Nice Toller Noitsnotteatimeyet.

Noitsnotteatimeyet Sun 12-Feb-17 10:33:07

Thanks midnite

One of the most useful things we taught our boy before we started agility classes was a rock-solid wait - it means we can get several obstacles ahead of him before he gets going (which we need because he is fast - and we are not!)

weaselwords Sun 12-Feb-17 10:40:23

I tried it with my weim x viszla boy and whilst he was physically extremely able and he learned what to do very quickly , it blew his mind and the noise that came out of him. I gave up in the end, deafened. Everyone else must have been so relieved.

nothoughts Sat 25-Feb-17 10:44:09

Sorry I didn't come back. I've been knocked sideways by a kidney infection. Thank you for all your advice. We have been working on his wait and it is pretty good as long as he can see us. Not really getting where with clubs. Both are totally over subscribed and not even adding to waiting list. I will start working on some of your suggestions for training and keep my eye on the club's.

ToffeeChops Sat 25-Feb-17 13:43:35

Hi again nothoughts, the fun obedience we did with ToffeeDog was a local trainer's class - six dogs, lots of reward based training, recall, all the normal sit-stay and basic commands, trying to cope with distractions etc. Now we've started Agility I realise how much he's come on and the foundation agility class has reinforced the focus and obedience while building towards specific exercises and manoeuvres.

We finished the foundation course this morning (got a certificate to prove it smile) and all of us have signed up for the next course which starts next week. I hope you manage to find something for your boy.

Scuttlebutter Sat 25-Feb-17 19:18:10

Just as a thought, have you considered Rally? Lots to think about for both you and your dog, but it's nowhere near as physically demanding as agility (you only do jumps for instance in higher levels). Lower levels are all on lead but there's lots to think about and it tests lots of your basic cues especially sits, wait, and really good heelwork. Good rally is all about a really fantastic relationship between you and your dog - I love it, it's fascinating and is a good mental workout for us both. At the other end of the spectrum you often see elderly dogs (and handlers!) doing very well at it. And we've had several agility dogs in class when they're too young to compete as many of the exercises are transferable skills and are great for building focus and concentration.

user1486071876 Sat 25-Feb-17 19:43:40

You can do a lot of foundation work with agility with young dogs obviously not jumping or twisting until they are older.

I would be working at encouraging toy play. Toy play and tugging is great for agility to help with drive and reward. Tug with different toys and to switch when you are tugging to get your dog playing with you regardless of the toy you are playing with.

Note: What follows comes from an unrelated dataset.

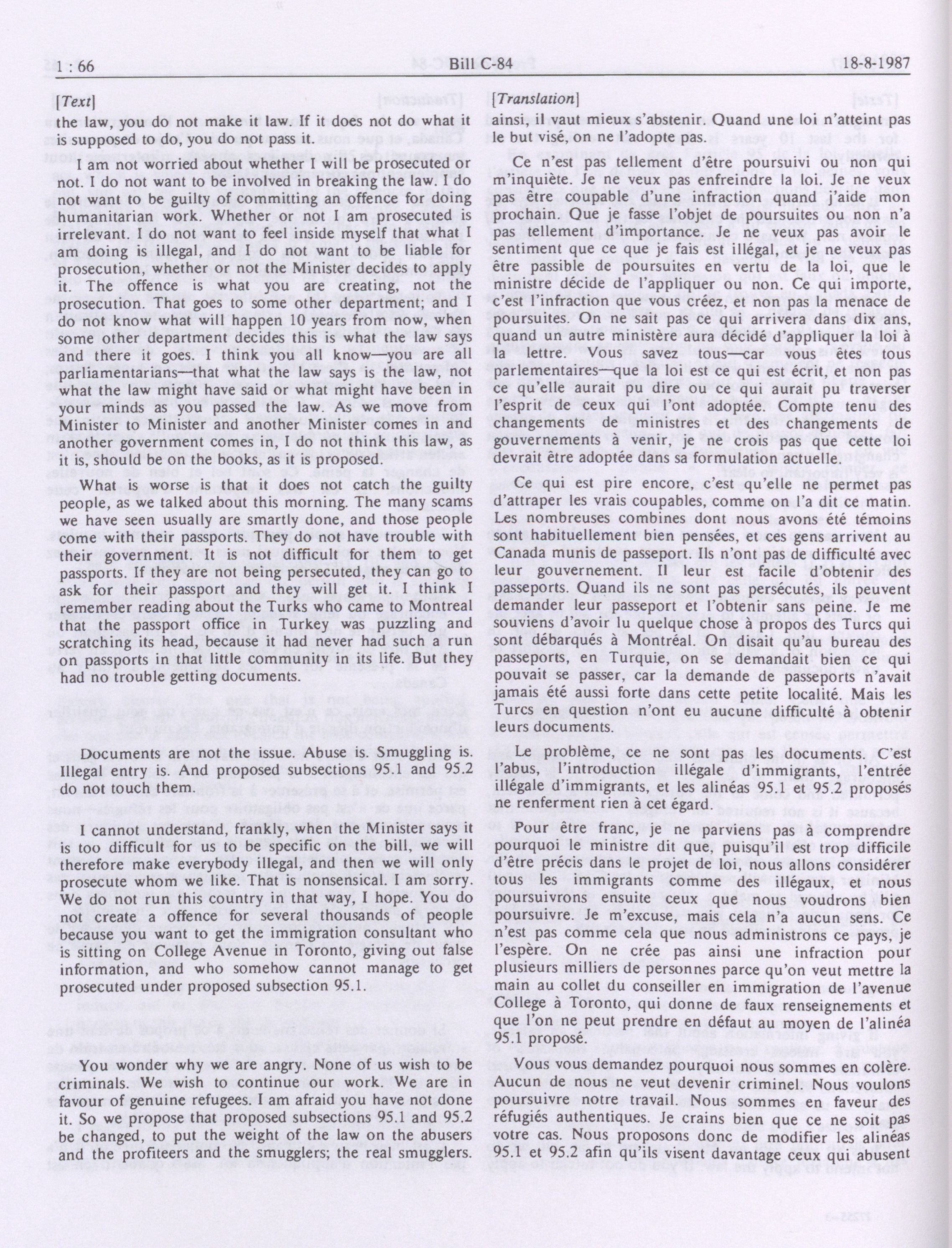 House of Commons Committees, 33rd Parliament, 2nd Session : Legislative Committee on Bill C-84, an Act to amend the Immigration Act, 1976 and the Criminal Code in consequence thereof, vol. 1 no. 1-9 = Comités de la Chambre des communes, 33e Législature, 2e Session : Comité législatif sur le projet de loi C-84, Loi modifiant la Loi sur l'immigration de 1976 et apportant des modifications corrélatives au Code criminel, vol. 1 no. 1-9
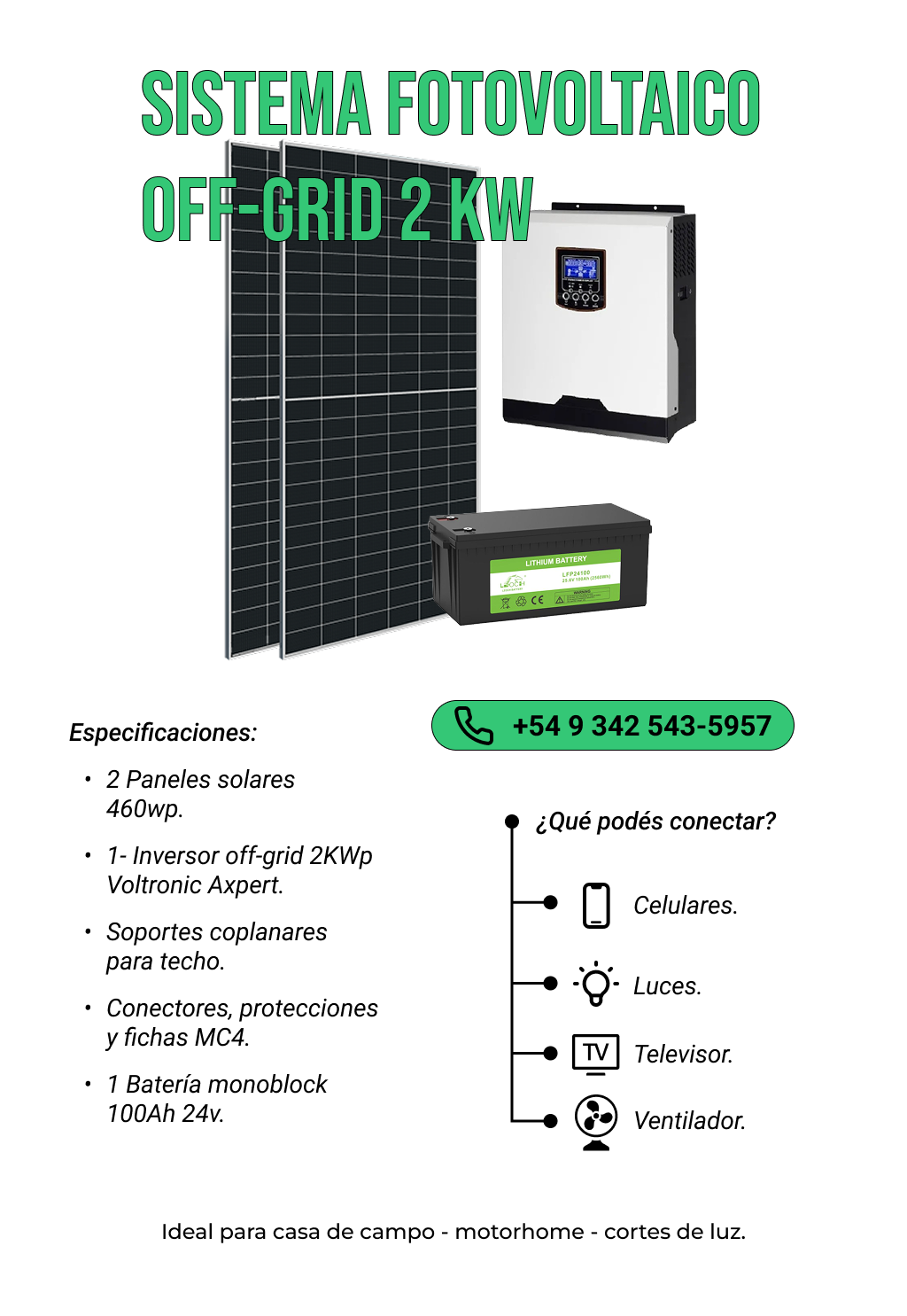 Kit solar off-grid de 2kW ideal para viviendas o respaldo energético. Incluye 2 paneles de 460W, inversor Voltronic Axpert, batería 24V 100Ah, estructura y protecciones. Energía limpia, confiable y lista para instalar.

Tug in different locations, at home on walks, near children, play areas, by the road (Obviously if safe!) Tug with distractions around - eg food on the floor tug then release to the food.

I would also be working on teaching your dog to target - so get your dog to touch you hand with his nose and reward this - hands are very important in agility and the dog needs to love you hand.

I would also teach a nose touch onto a target - this is fun to teach anyway but can also help with contacts (even if you do decide to do running contacts which is probably not what you will do with your first dog.

With toy play teach your dog to run onto the toy - this helps to build drive and also the dog to learn to run alongside you.

nothoughts Sat 25-Feb-17 19:44:38

That's interesting. I know nothing about rally. I'll have a look into it. I'm not that bothered about competing as such I just want some thing to keep his brain working. He definitely needs to work on his lead and heelwork. It's the area we are most struggling with.